The defendant was charged with possession of a controlled substance, MCL 333.7403(2)(a)(iv); MSA 14.15(7403)(2)(a)(iv). Kelvin Patrick, a Detroit police officer, offered the only testimony at the preliminary examination. He testified that on September 19, 1986, at approximately 7:50 p.m., he and his partner were driving a marked patrol car southbound on Log Cabin in Detroit. As they approached the corner of Log Cabin and Grove, an area with a history of narcotics activity, they observed the defendant, Mark Mamón, standing [5]*5next to a public telephone. The defendant noticed the police car and fled toward a dwelling located at 16744 Log Cabin. The officers stopped the car and followed the defendant on foot, during which time they saw the defendant reach into his right pocket and throw away a burgundy-colored bag. The officers detained the defendant and retrieved the bag, in which they discovered six particles of suspected cocaine.3

Upon the basis of this information, the district court bound the defendant over to Detroit Recorder’s Court on the controlled substance charge. At a hearing on May 29, 1987, the Recorder’s Court suppressed the cocaine and dismissed the case upon the basis of People v Shabaz, 424 Mich 42; 378 NW2d 451 (1985). The court reasoned that the police obtained the cocaine as a result of an unlawful seizure. In particular, the court found that the police pursuit constituted a seizure and that, at the time the police initiated their pursuit of the defendant, they did not have a reasonable, articulable suspicion upon which they could base their actions. The Court of Appeals affirmed the decision of the trial court.4 On June 30, 1989, this Court granted the people’s application for leave to appeal.5

II. ANALYSIS

The Fourth Amendment provides in pertinent part, "[t]he right of the people to be secure in their persons, houses, papers, and effects, against unreasonable searches and seizures, shall not be violated . . . .” US Const, Am IV. In order to [6]*6receive the panoply of its constitutional safeguards, a person must have standing in the context of the Fourth Amendment to challenge the introduction of the particular piece of evidence being offered against him.
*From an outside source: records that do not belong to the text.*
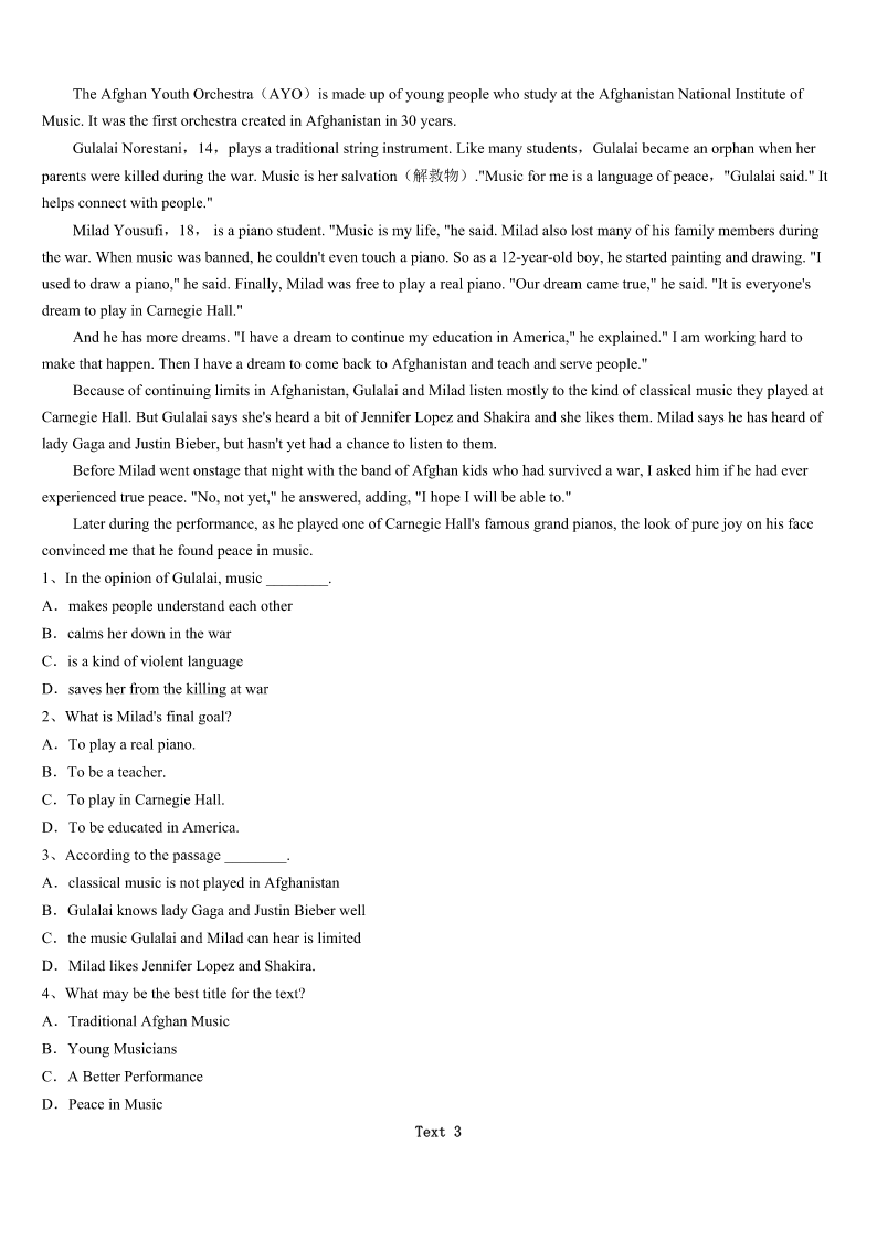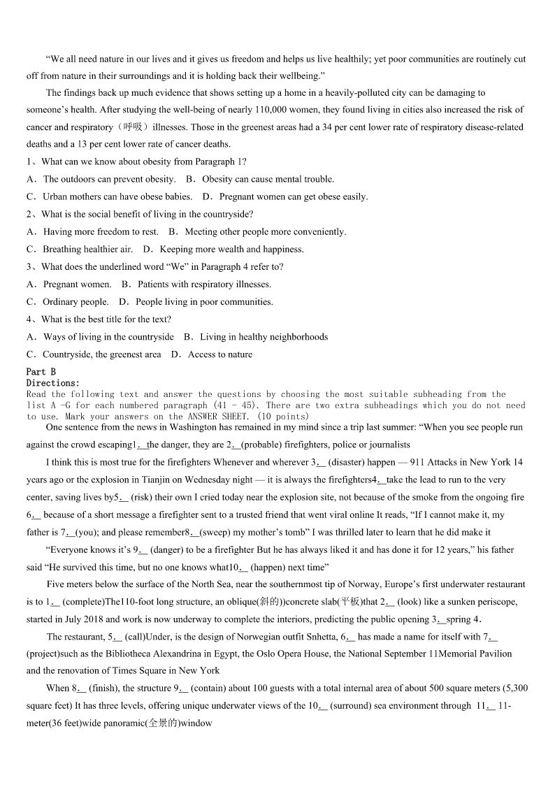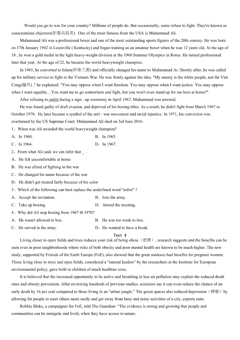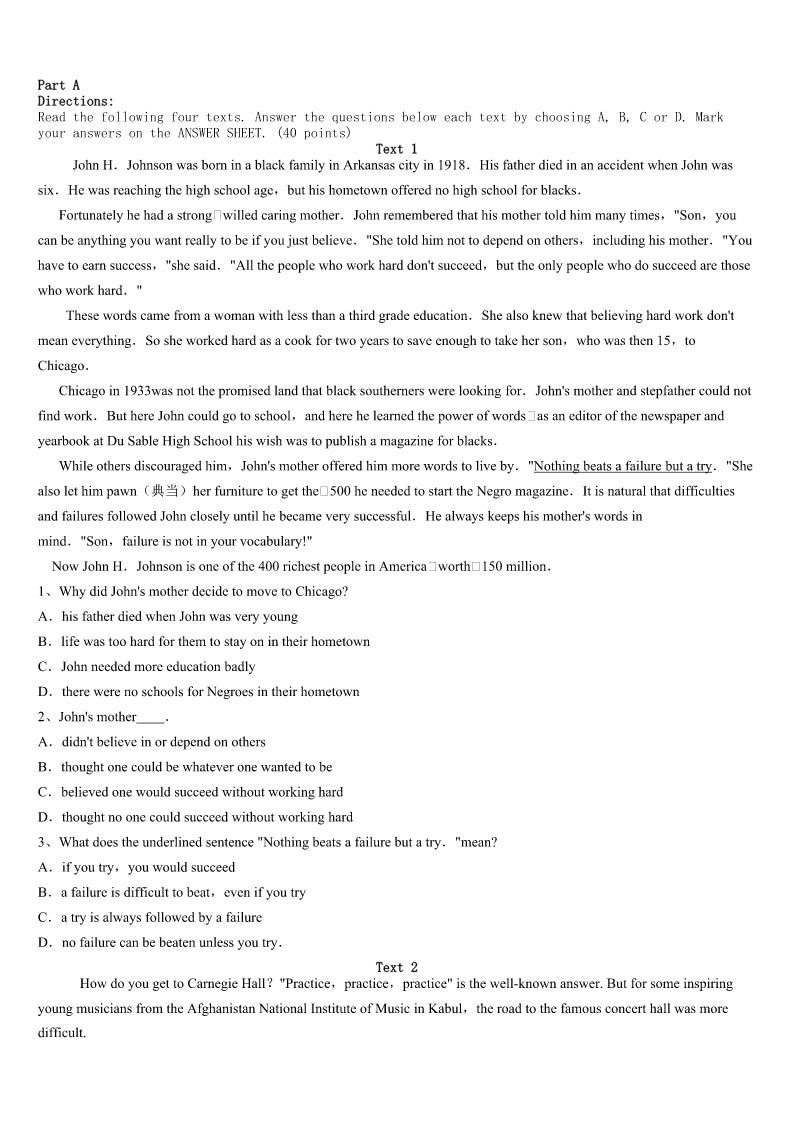 考研《英语一》文昌市2023年深度自测卷 SectionIUseofEnglish Directions: Readthefollowingtext.Choosethebestword(s)foreachnumberedblankandmarkA,B,CorDonthe ANSWERSHEET.(10points) Itwasduringthoseharddaysinasmallcommunity.Foodwasinshortsupply.IusedtostopbyMr.Miller'sstandfor1 Oneparticularday,whileMr.Millerwas2somepotatoesformeInoticedasmallboy3admiringabasketofgreen peas.SoonIwasalso4tothefreshgreenpeas. Theboyleft.Mrs.Miller5tomeandsaid,"Therearetwoothersuchboysinour6,allfrompoorfamilies.Jim alwaysoffersto7ourproducefortheirmarbles(弹珠).Hesomehowmakesthembelievehelikesredmarbles8 .Sometimesheevensendsthemhomewithsomepeasfor9."Ileftthestand,10withthisman. Yearslater,Iwentbacktovisitsome11inthatcommunityandwhileIwasthereIlearnedMr.Millerhaddied.Iagreed to12myfriendstoseeMrs.Miller.Uponourarrival,weofferedwhateverwordsof13.Aheadofuswerethree youngmen.Theymovedtothecasket(棺椁).Mrs.Miller'seyesfollowedthem14eachyoungmanplacedhisown 15handoverthecoldpalehandandthenleft. OurturncametomeetMrs.Miller.ItoldherwhoIwasandmentionedthe16ofthemarbles.Shesaid,"Thosethree youngmenweretheboys.Theytoldmehowthey17Jim'skindness." "We'veneverhadmuch18,"shesaid,"butrightnow,Jimwouldconsiderhimselfthe19man."Thensheliftedher husband'slifelessfingers.20beneaththehandwerethreeshining,redmarbles! 1、A.flowersB.grainsC.vegetablesD.fruits 2、A.baggingB.diggingC.sellingD.cooking 3、A.happilyB.hungrilyC.curiouslyD.seriously 4、A.carriedB.sentC.drawnD.led 5、A.pulledupB.pickedupC.gotupD.cameup 6、A.communityB.townC.homeD.store 7、A.tradeB.bringC.changeD.get 8、A.intimeB.inparticularC.onpurposeD.onaverage 9、A.somethingB.everythingC.anythingD.nothing 10、A.impressedB.surprisedC.disappointedD.satisfied 11、A.relativesB.friendsC.businessmenD.workers 12、A.introduceB.sendC.accompanyD.assist 13、A.comfortB.thanksC.praiseD.encouragement 14、A.sinceB.whetherC.becauseD.as 15、A.coolB.warmC.redD.pale 16、A.priceB.colorC.storyD.number 17、A.appreciatedB.forgotC.neededD.helped 18、A.debtB.wealthC.hopeD.health 19、A.tallestB.dearestC.richestD.toughe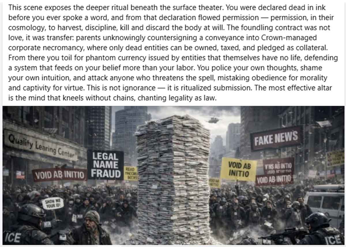 Hospitals, courts, and governments operate as arms of a global death cult — a Luciferian system that trades living souls for legal strawmen.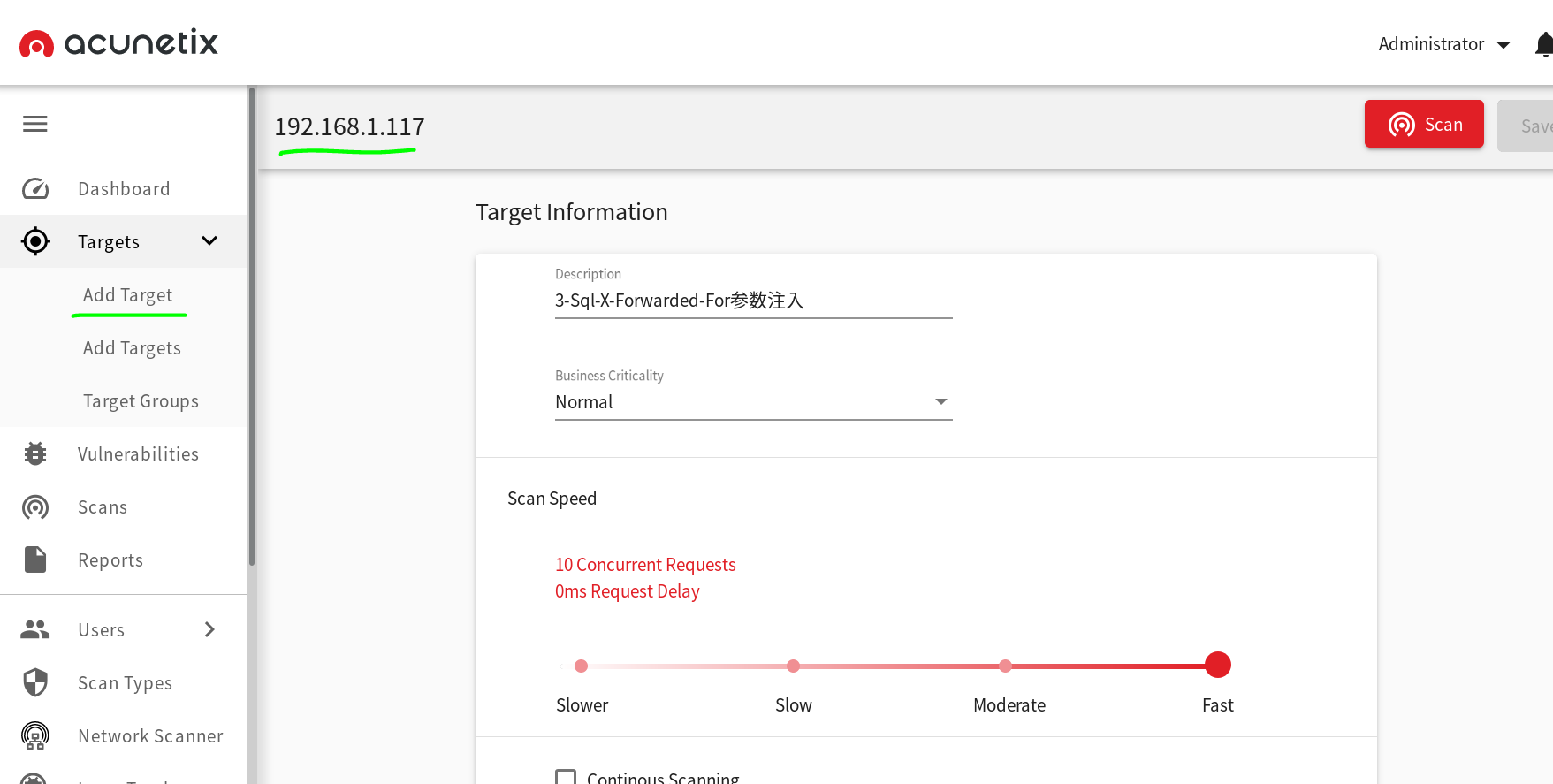 - 使用AWVS,新建target为192.168.1.117: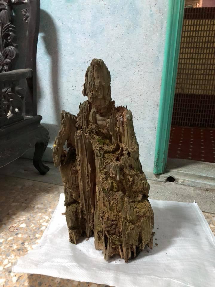 這名網友在臉書社團「爆廢公社」PO文說,某天前往爺爺以前種菜的地方整理這些枯木,結果其中一塊木頭已經遭到白蟻啃食,已經看不出原本的面貌,然而一轉到正面,卻發現這些白蟻超誇張,竟然直接把枯木啃出一尊「濟公活佛」的模樣!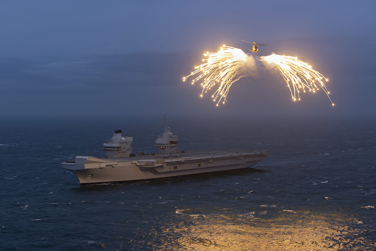 A Merlin helicopter from 820 Naval Air Squadron loaded and fired flares from HMS Prince of Wales, while embarked for Exercise Steadfast Defender.
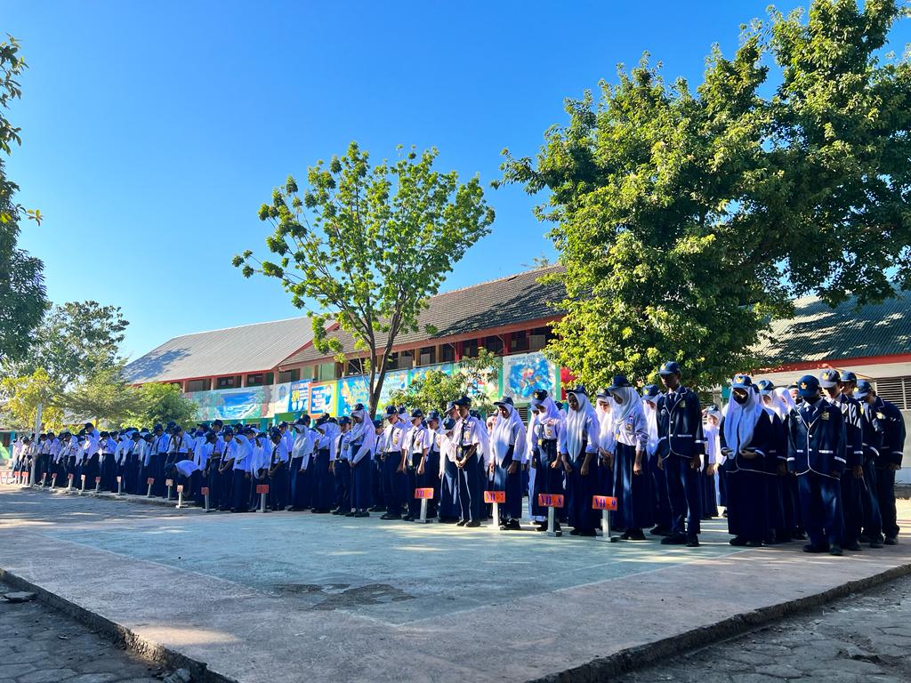 “Nampak para guru guru dan segenap siswa-siswi mengikuti upacara dengan khidmat. Kepala Sekolah juga megajak setiap warga sekolah untuk tetap mempertahankan dan mengamalkan nilai-nilai Pancasila serta menjaga keutuhan Negara Republik Indonesia.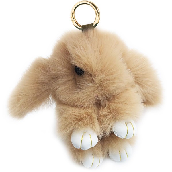 Sqzrpomddy Keychain, Keychain, Cute, Rabbit, Fluffy, Keyring, Bag Hanging Decoration, Rabbit Keychain, Backpacking, Khaki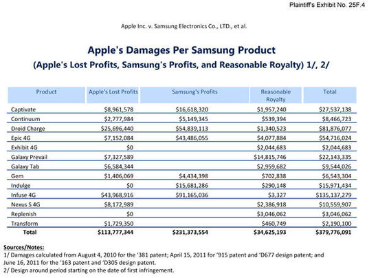 在提交給陪審團的三星侵權產品圖表中,蘋果著重指出了兩款銷售額最高的手機設備,包括Infuse4G(累計銷售額1.35億美元)和Droid Charge(8100萬美元),這兩款手機目前已經在美國地區(qū)下市。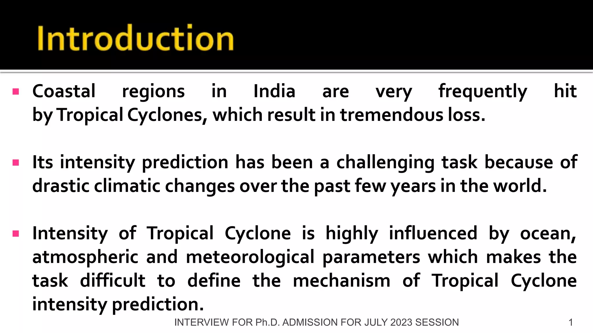 The document discusses tropical cyclones that frequently impact coastal regions in India, causing tremendous loss. It notes that predicting tropical cyclone intensity is challenging due to climate changes. Intensity is influenced by oceanic, atmospheric, and meteorological parameters. The proposed research aims to develop hybrid learning models combining machine learning techniques to improve intensity predictions and provide timely warnings. The objectives are to enhance prediction accuracy, extend lead times, and provide probabilistic forecasts to help decision-making.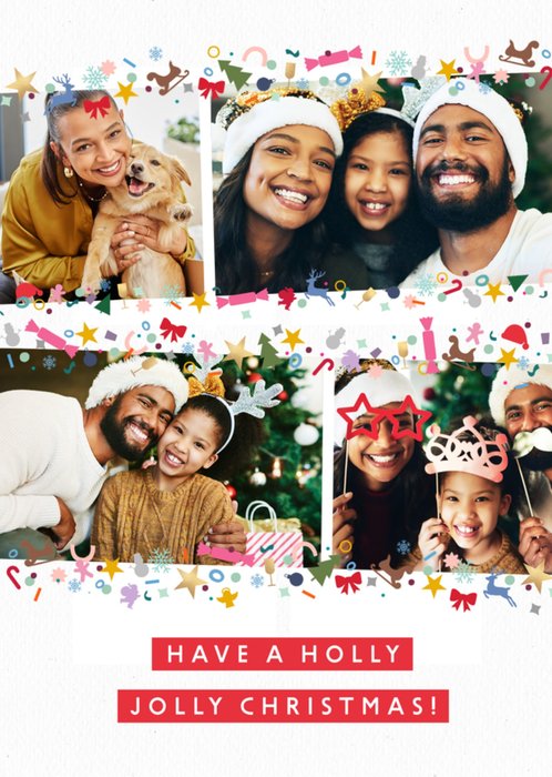 A cheerful Christmas design featuring four rectangular photo upload frames surrounded by a colourful festive border of stars, snowflakes, candy canes, crackers, and holly. The background is white, and the bottom of the card features bold red text panels.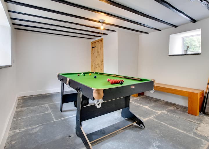 Sala de juegos: sala de juegos bien equipada que solía ser la vieja lechería, tiene pisos de pizarra originales y vigas expuestas. Juguetes para niños, mesa de billar, tenis de mesa, dardos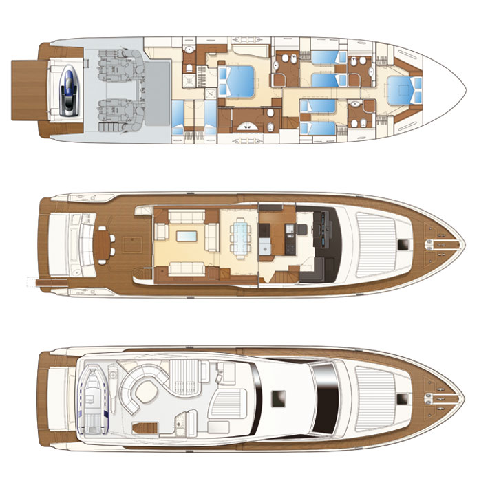 - Flybridge: Features a spacious flybridge with ample seating and sunbathing areas.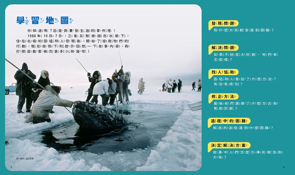 透過精美插圖與真實事件改編的故事,讓孩子初步了解事件的經過,引發孩子對問題的好奇心和思考解決問題的過程。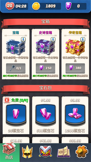 7、在商店还可以购买各种宝箱,这些宝箱需要花费钻石或钥匙进行购买。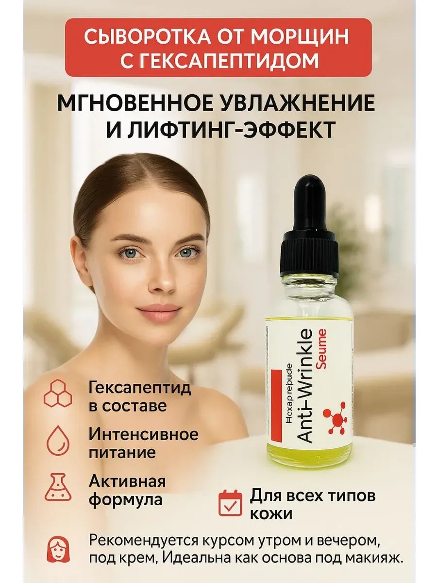| Комплектация | Сыворотка для лица против морщин с гексапептидами - 1 шт. |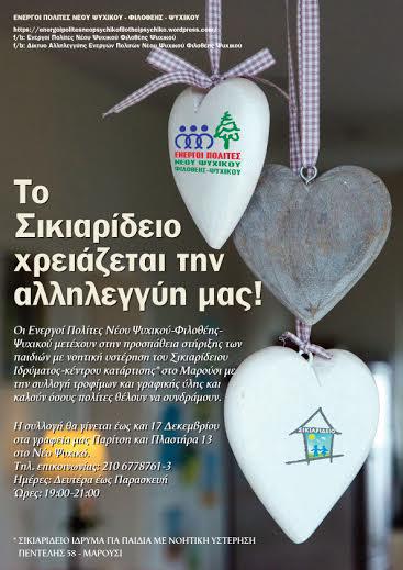 Οι Ενεργοί Πολίτες Νέου Ψυχικού - Φιλοθέης - Ψυχικού, μετέχουν στην προσπάθεια στήριξης των παιδιών με νοητική υστέρηση του Σικιαρίδειου Ιδρύματος - κέντρου κατάρτισης στο Μαρούσι με συλλογή τροφίμων και γραφικής ύλης και καλούν όσους πολίτες επιθυμουν να συνδράμουν.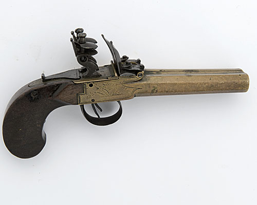 A BRASS CONTINENTAL DOUBLE-BARRELLED FLINTLOCK BOXLOCK COACH PISTOL,
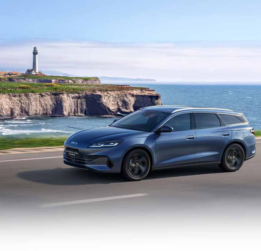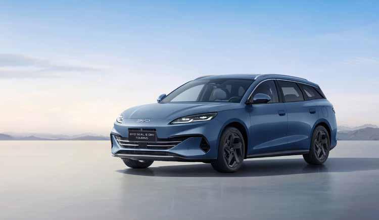 De SEAL 6 DM-i TOURING combineert BYD's kenmerkende designtaal met een praktische, ruime cabine. De voorkant heeft vloeiende, oceaanachtige lijnen en een scherper ondergedeelte dat hem een strakke, moderne uitstraling geeft.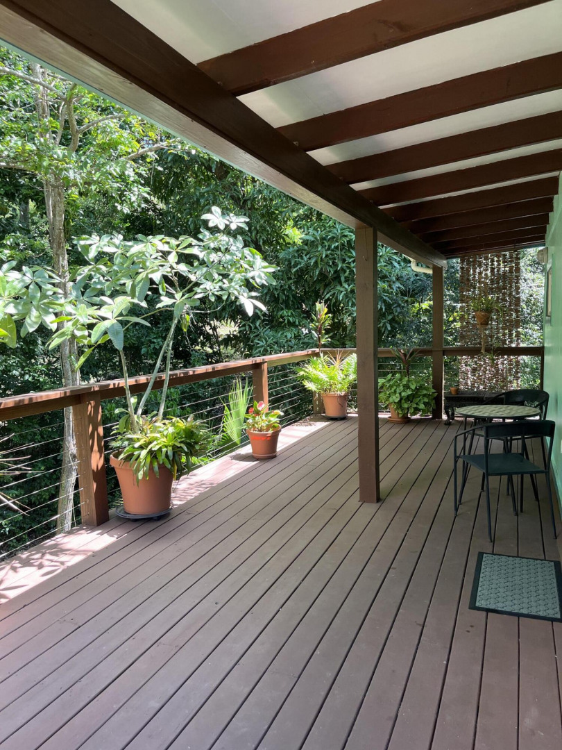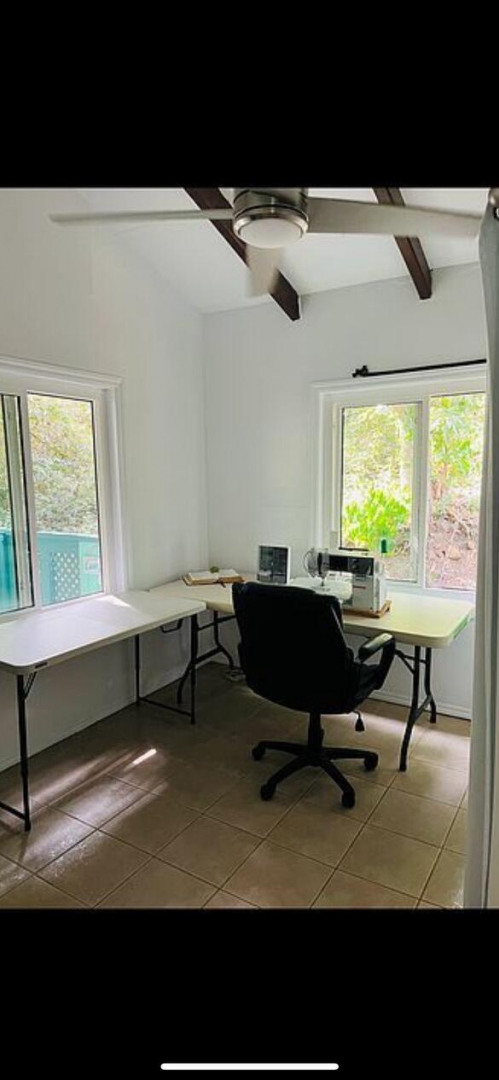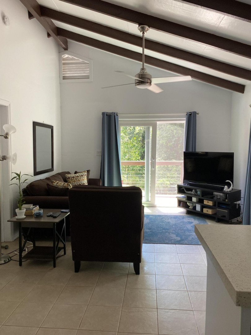 $25,000 Price drop! This sweet island cottage, just a few minutes walk to Gifft Hill school, is nestled at end of road in the valley of Gift Hill. This Charming Caribean style home, with partial wrap around decking and lush gardens, is your perfect starter home.Enjoy the fruit trees and ample space for vegetable garden and more. This home is in immaculate condition, featuring new kitchen counters and cabinets, new flooring and a lovely living room with vaulted ceiling and large sliding doors to the outdoor covered decking. The bedroom has a new AC unit with large windows overlooking the lush exterior.The second bedroom, currently used as an art room/office could also be the perfect guest bedroom with private deck outside.

This initial standing inquiry depends upon whether the defendant has a reasonable expectation of privacy in the particular goods at issue. Katz v United States, 389 US 347, 361; 88 S Ct 507; 19 L Ed 2d 576 (1967) (Harlan, J., concurring); Terry v Ohio, 392 US 1, 9; 88 S Ct 1868; 20 L Ed 2d 889 (1968). Moreover, a person does not have a reasonable expectation of privacy. in property which he has "abandoned.” Abel v United States, 362 US 217, 241; 80 S Ct 683; 4 L Ed 2d 668 (1960); Hester v United States, 265 US 57, 58; 44 S Ct 445; 68 L Ed 898 (1924); People v Jackson, 175 Mich App 562; 438 NW2d 84 (1988); People v Wright, 151 Mich App 354; 390 NW2d 187 (1986); People v Boykin, 119 Mich App 763; 327 NW2d 351 (1982); United States v Thomas, 275 US App DC 21, 23-24; 864 F2d 843 (1989). As the United States Court of Appeals for the District of Columbia recently explained:

A warrantless search or seizure of property that has been "abandoned” does not violate the fourth amendment. See, e.g., Abel v United States, 362 US 217, 241; 80 S Ct 683, 698; 4 L Ed 2d 668 (1960). "When individuals voluntarily abandon property, they forfeit any expectation of privacy in it that they might have had.” United States v Jones, 707 F2d 1169, 1172 (CA 10 [1983]) (citation omitted), cert den 464 US 859; 104 S Ct 184; 78 L Ed 2d 163 (1983). The test for abandonment in the search and seizure context is distinct from the property law notion of abandonment: it is possible for a person to retain a property interest in an item, but nonetheless to relinquish his or her reasonable expectation of privacy in the object. See, e.g., United States v Colbert, 474 F2d 174, 176 [7]*7(CA 5, 1973). To determine whether there is abandonment in the fourth amendment sense, the district court must focus on the intent of the person who is alleged to have abandoned the place or object. See United States v Anderson, 663 F2d 934, 938 (CA 9, 1981). The test is an objective one, and intent may be inferred from "words spoken, acts done, and other objective facts.” Colbert, 474 F2d at 176.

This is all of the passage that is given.